• _BRIEF_
Below, find the line containing "Pánské šedé české" and the line containing "소가죽 버전 ~ Su"; reproduce exactly those two and every line between them, omitting pictures.
(RECORDS FOR THE TASK Opens)
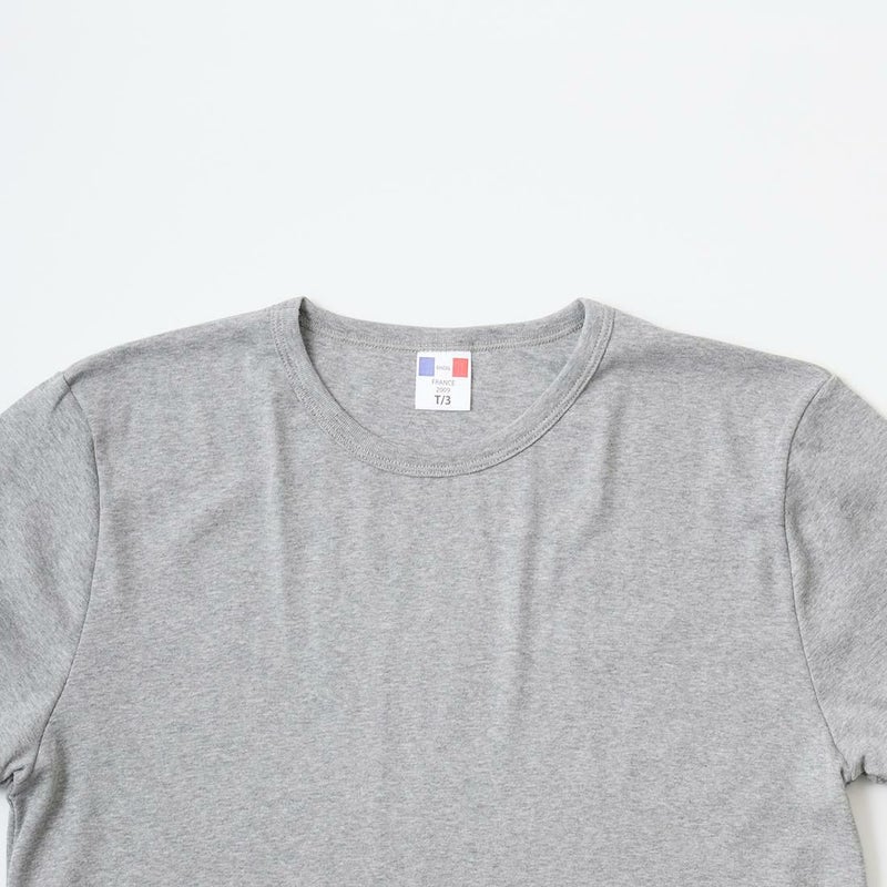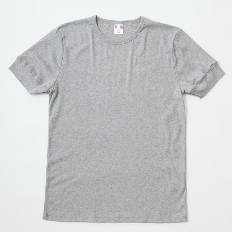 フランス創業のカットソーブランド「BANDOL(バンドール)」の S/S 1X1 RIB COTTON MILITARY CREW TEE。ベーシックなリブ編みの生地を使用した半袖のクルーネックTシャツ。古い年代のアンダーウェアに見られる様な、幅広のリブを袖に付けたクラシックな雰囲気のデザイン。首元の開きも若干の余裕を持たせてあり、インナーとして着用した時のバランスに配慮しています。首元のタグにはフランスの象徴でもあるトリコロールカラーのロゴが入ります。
(RECORDS FOR THE TASK Closes)
(RECORDS FOR THE TASK Opens)
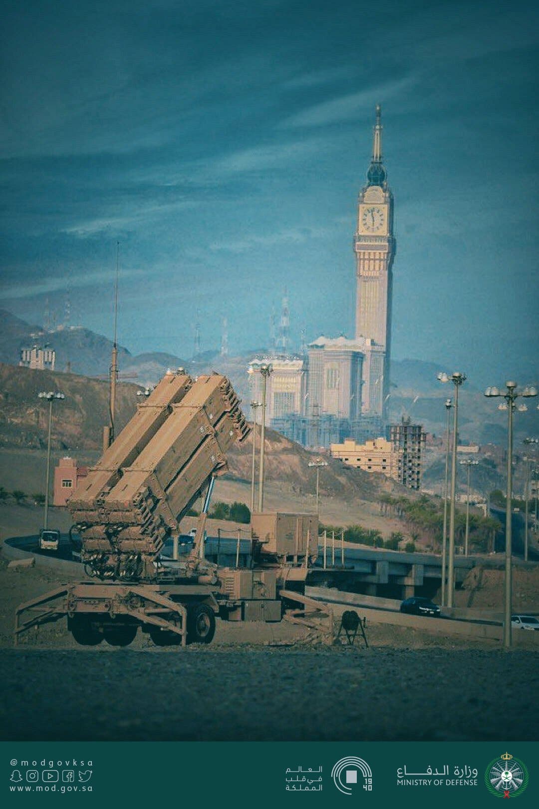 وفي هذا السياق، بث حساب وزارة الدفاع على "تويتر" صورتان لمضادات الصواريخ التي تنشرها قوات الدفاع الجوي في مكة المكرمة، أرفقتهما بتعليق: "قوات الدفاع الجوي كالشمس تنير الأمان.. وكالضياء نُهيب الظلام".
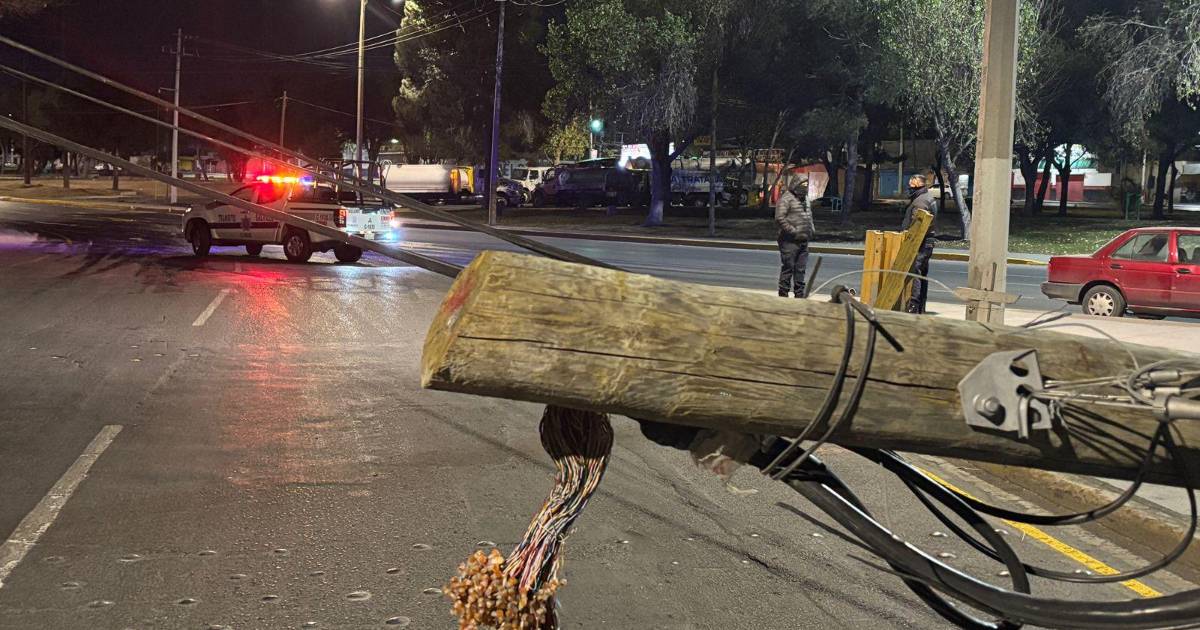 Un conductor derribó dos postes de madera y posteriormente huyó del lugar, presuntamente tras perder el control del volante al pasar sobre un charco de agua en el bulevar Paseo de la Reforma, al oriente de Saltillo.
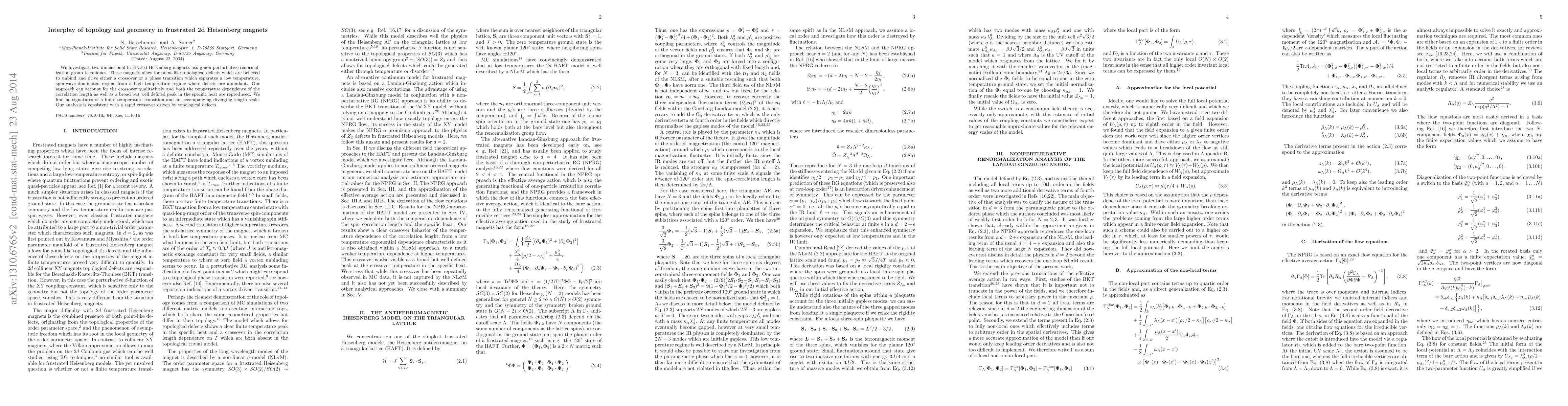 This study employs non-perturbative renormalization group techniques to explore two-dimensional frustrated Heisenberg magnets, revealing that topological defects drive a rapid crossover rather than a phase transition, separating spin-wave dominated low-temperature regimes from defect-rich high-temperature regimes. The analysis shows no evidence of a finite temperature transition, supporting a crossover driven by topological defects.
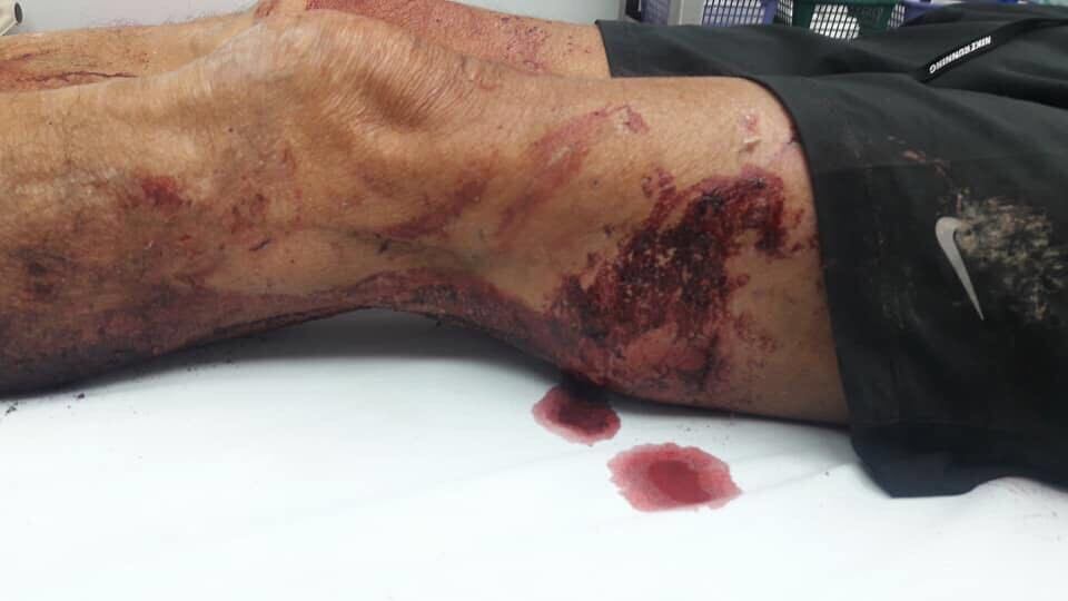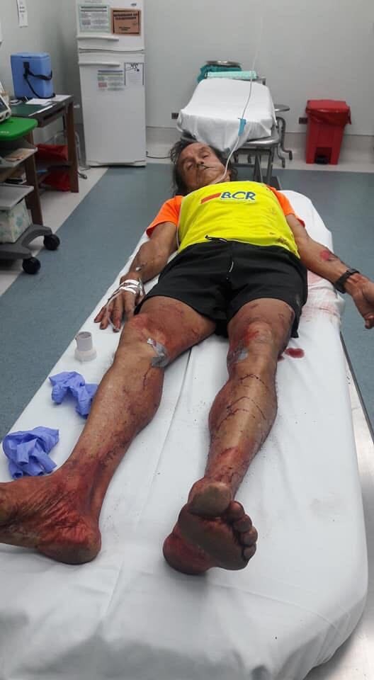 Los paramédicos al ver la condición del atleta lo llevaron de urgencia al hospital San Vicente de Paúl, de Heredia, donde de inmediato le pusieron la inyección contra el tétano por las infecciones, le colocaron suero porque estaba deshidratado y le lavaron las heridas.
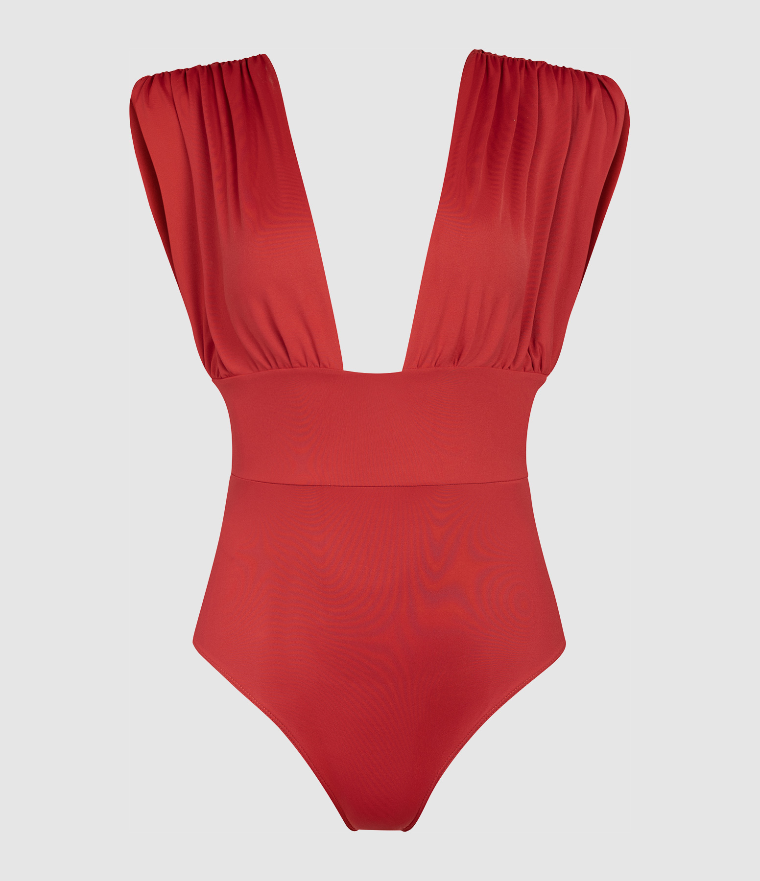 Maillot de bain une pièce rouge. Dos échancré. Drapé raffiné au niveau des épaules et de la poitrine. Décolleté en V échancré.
(RECORDS FOR THE TASK Closes)
(RECORDS FOR THE TASK Opens)
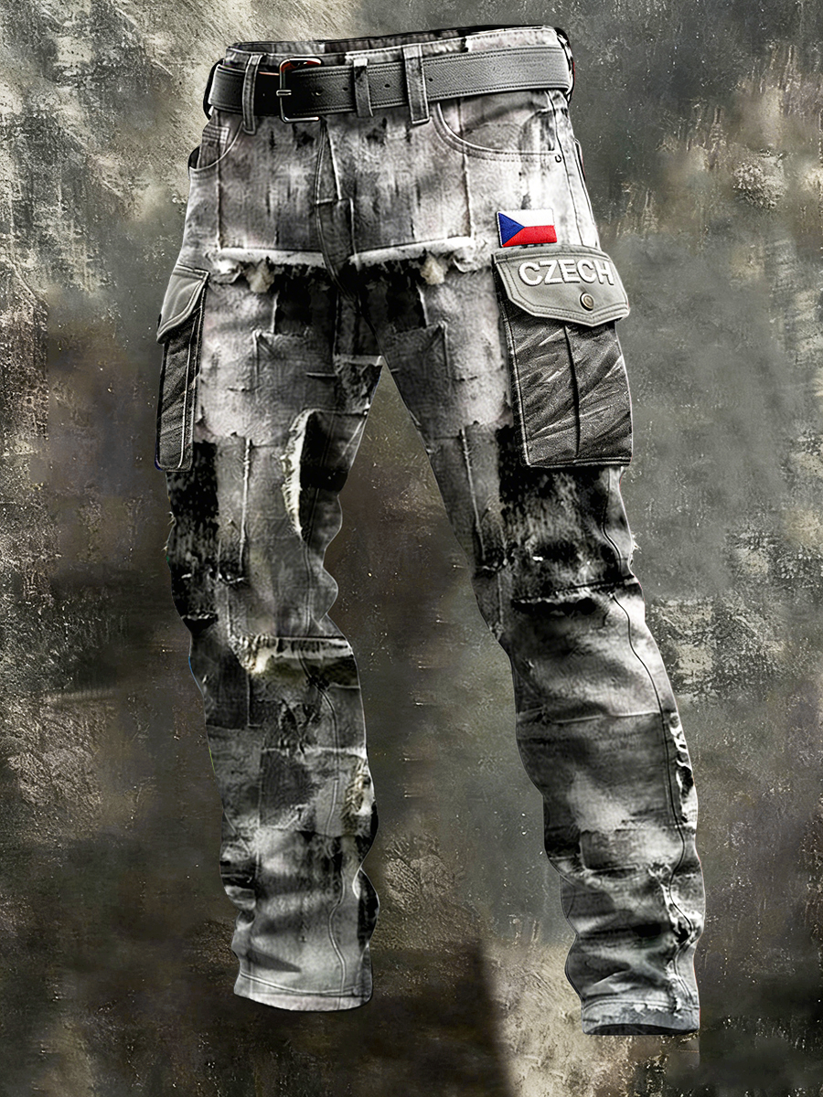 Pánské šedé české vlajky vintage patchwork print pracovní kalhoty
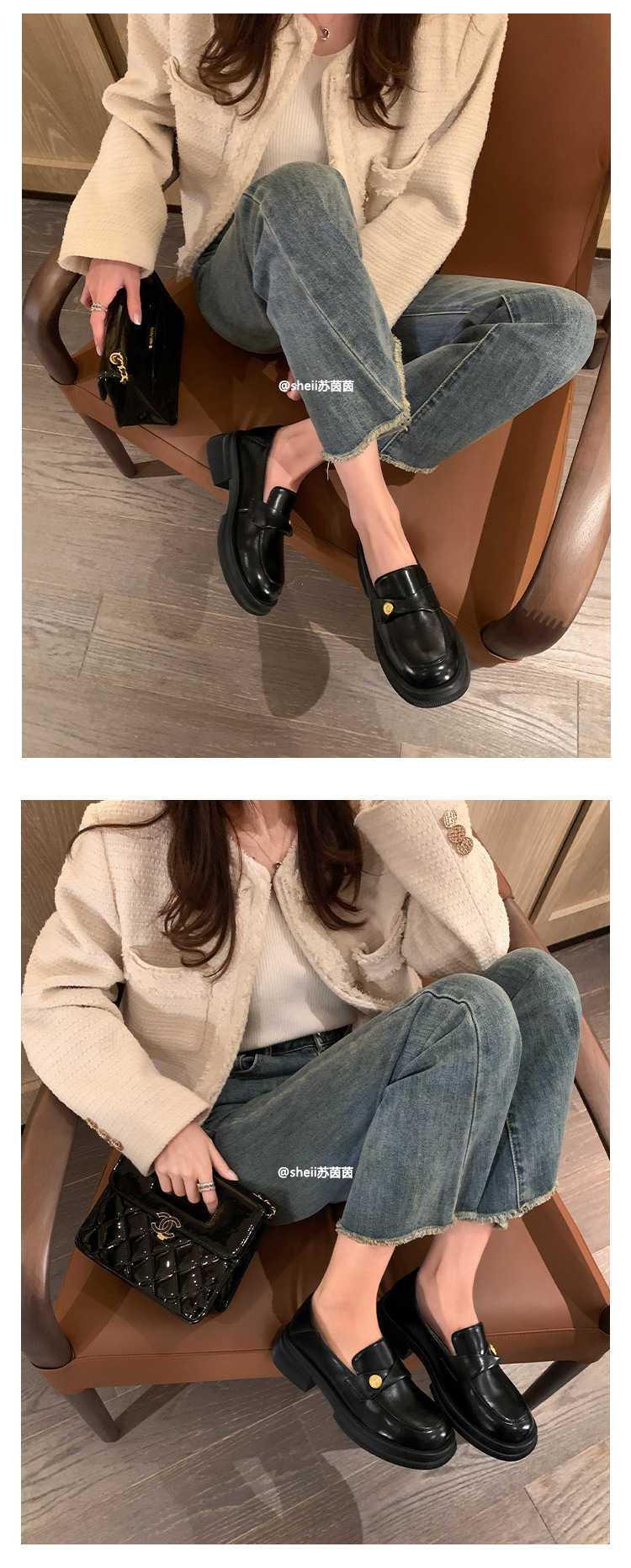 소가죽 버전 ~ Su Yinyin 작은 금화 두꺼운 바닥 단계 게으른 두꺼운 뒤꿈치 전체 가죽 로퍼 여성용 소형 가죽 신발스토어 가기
(RECORDS FOR THE TASK Closes)
• _RESPONSE FOR THIS EXERCISE_
 Pánské šedé české vlajky vintage patchwork print pracovní kalhoty
 소가죽 버전 ~ Su Yinyin 작은 금화 두꺼운 바닥 단계 게으른 두꺼운 뒤꿈치 전체 가죽 로퍼 여성용 소형 가죽 신발스토어 가기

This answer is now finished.